Because when I first saw the downtown Minneapolis library, I laughed.  I
thought it was a joke.  I couldn't believe that a city of this size and
sophistication, to say nothing of striving for a world class, arts-forward,
progressive reputation, could consider that mess, that pole building with
escalators, a world class public library.  Everywhere I had lived had
better, and many towns were smaller, less noted and poorer.  Then when I
finally moved to Minneapolis, I thought - now I bet I'll have a great old
Carnegie building to take the kids to for story time - and what's our
neighborhood library?  The Walker -  a groovy basement space with tin can
signage - out of necessity to explain what the heck it is (LIBRARY, thank
you very much), overlooking a littered, unused courtyard.  So where do we
go?  Ridgedale.  But we shouldn't have to.

The rationales given for a new central library are so "well-reasoned", so
"well-studied" and so lame!  For example, one of the core reasons given is
that there might be a fire and it isn't well protected!  People!  The
average voter isn't going to rally around that concept (not to ignore the
Fahrenheit 451 implications).  Please!
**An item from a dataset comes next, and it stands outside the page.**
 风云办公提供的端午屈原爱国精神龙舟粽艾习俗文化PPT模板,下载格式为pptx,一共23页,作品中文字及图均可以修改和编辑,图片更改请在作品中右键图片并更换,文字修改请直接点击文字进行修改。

Give us something with heart!  How
about "The building is baboon-faced ugly, it never worked, it never could
work, we messed up.  Could we just start over and do it again?"  That I'd
vote for.

So - bring me a simple, well thought out plan that doesn't look like pork
barrel with 293 amendments tacked on and I'll support it, I'll vote for it,
I'll campaign for it, and I'll help pay for it.  But this one isn't it.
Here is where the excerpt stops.